Seafoam contains pale oil, IPA (solvent), and naphtha (hydrocarbon/solvent)


----------



## alanngmt (May 17, 2010)

I've used Seafoam in everything from 2cyl gas to my diesel tractor. It's the best stuff on the market to clean your fuel system. It's even helped my past vehicles crank faster. A+ stuff!! The last I bought was at Tractor Supply, bought a gallon!


----------



## Fletch_W (Mar 5, 2011)

Bump...


Noone wants to poo poo Seafoam? It sounds too good to be true. There isn't one single dissenting voice here. That's very uncommon, and throws up a red flag.


----------



## GoldDot40 (Mar 5, 2011)

Fletch_W said:


> Bump...
> 
> 
> Noone wants to poo poo Seafoam? It sounds too good to be true. There isn't one single dissenting voice here. That's very uncommon, and throws up a red flag.

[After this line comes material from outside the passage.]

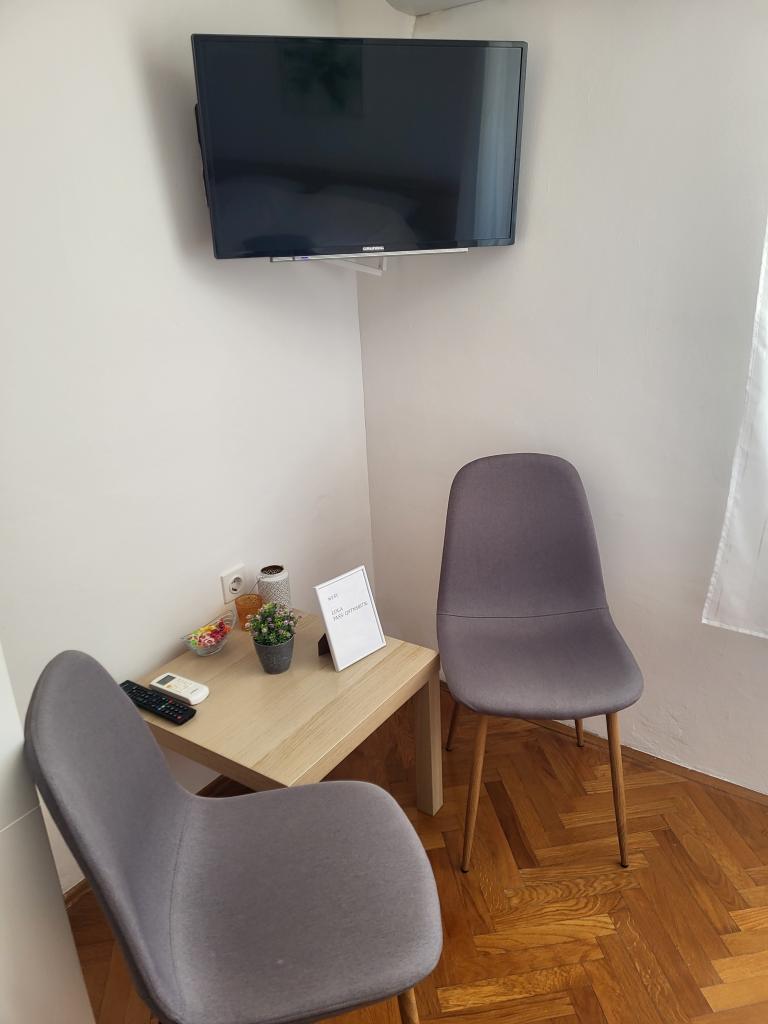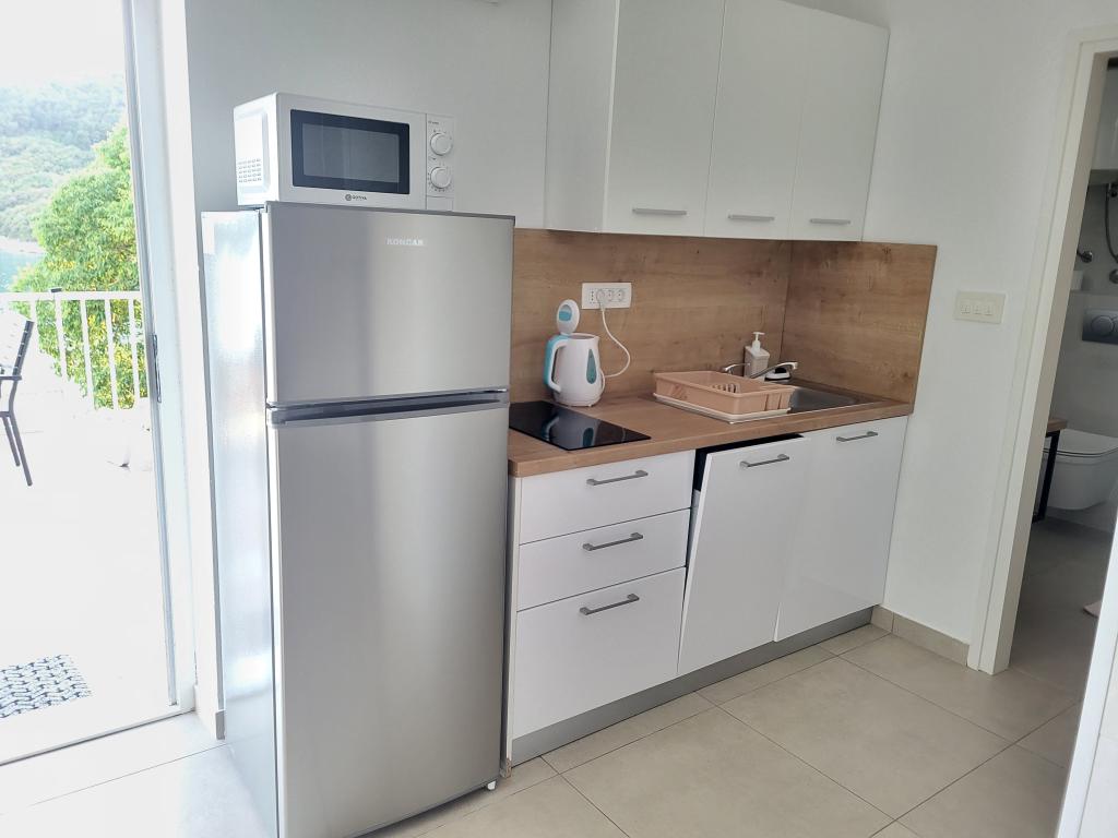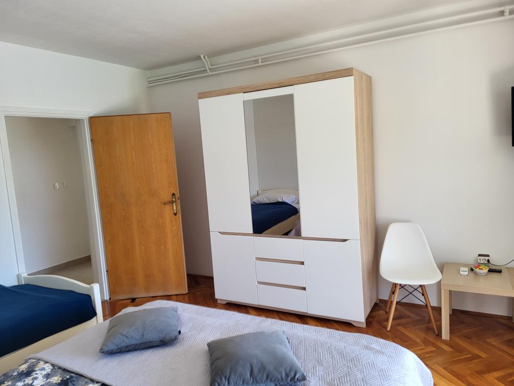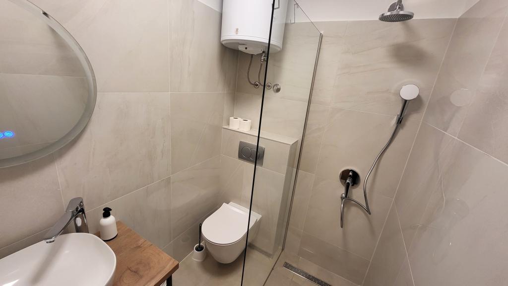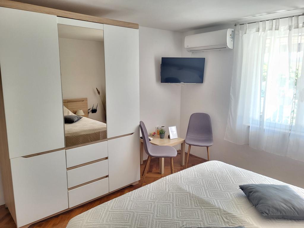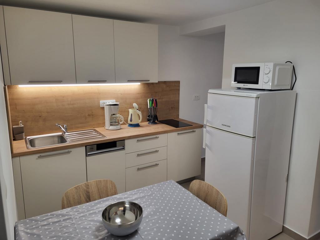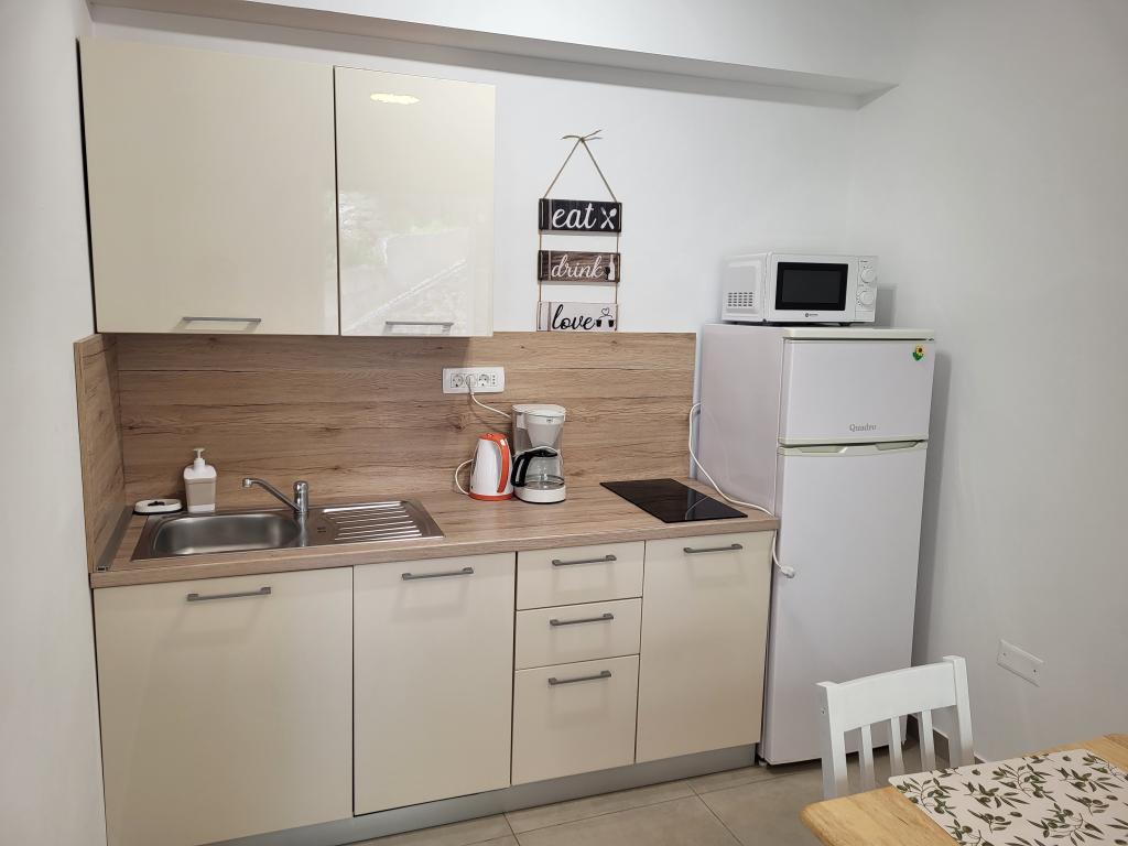 Very quiet and comfortable accommodation. The owner is a very pleasant and helpful lady. The apartment is clean, nicely furnished and fully equipped. It is a short walk to the beach, so you can go straight in your swimsuit. The shop is about 5-10 minutes walk, right below the apartment there are two restaurants, one at local prices, the other more luxurious. Parking is a bit more complicated, but no problem. We would be happy to come back here again.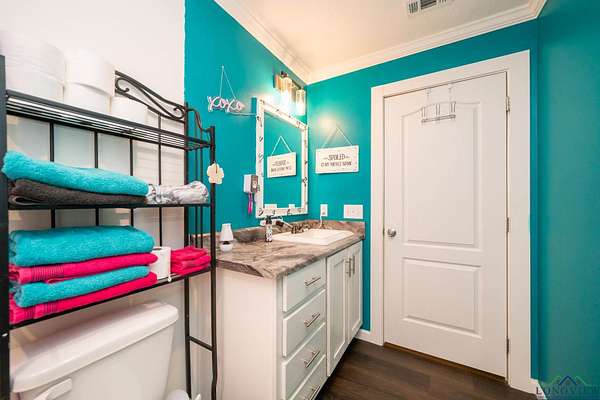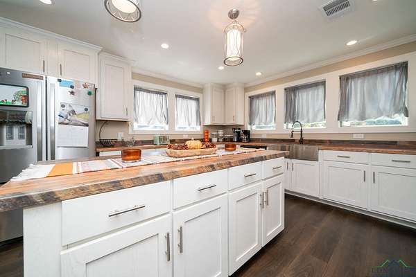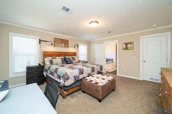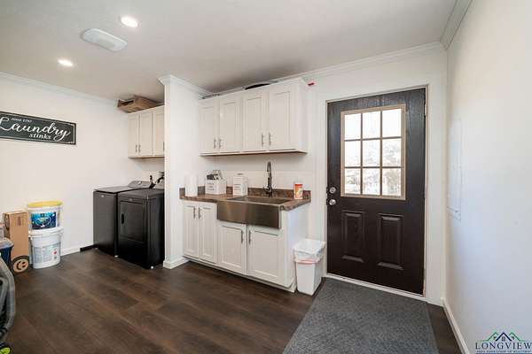 From Harleton head northwest on TX- 154 for .3 miles. Turn right on FM 450. After .1 miles turn right onto FM 1968. Drive 1.2 miles then take a left onto Edmonson Rd. In .2 miles, turn left on Coppedge Smith Rd. Asphalt turns into a PR. Drivewy on right.

It's a conspiracy. I'll be surprised if this doesn't end up in the political section.


----------



## rjcruiser (Mar 7, 2011)

Bassquatch said:


> It's a conspiracy. I'll be surprised if this doesn't end up in the political section.



Well...if we can land on the moon, we can make something that cleans out the engine


----------



## Incawoodsman (Mar 7, 2011)

Just used it on an outboard that ran like poo-poo... did everything I could think of, took out the carborator twice and soaked it over night and cleaned every little hole in there.. ran a little better but still like poo.

  I shocked the motor with deep creep (sea foam in spray form) and it coughed and spit up all kind of black crap out of the exhaust... literally disgusting... also smoked up all of cobb county for about an hour. But after that the motor ran fine.... it works good.


----------



## blacksheep (Mar 25, 2011)

Oreilly auto parts has Seafoam for 49.95 for the gallon container . Thats 8 of those 9.99 16oz bottles for all of you do it your self motor heads like me .Its 65.00 most of the time.


----------



## GoldDot40 (Mar 25, 2011)

blacksheep said:


> Oreilly auto parts has Seafoam for 49.95 for the gallon container . Thats 8 of those 9.99 16oz bottles for all of you do it your self motor heads like me .Its 65.00 most of the time.



Good to know. I plan on using A LOT of it this weekend. Some for the Stratos, lawn mower(s), weedeater, and all the vehicles.


----------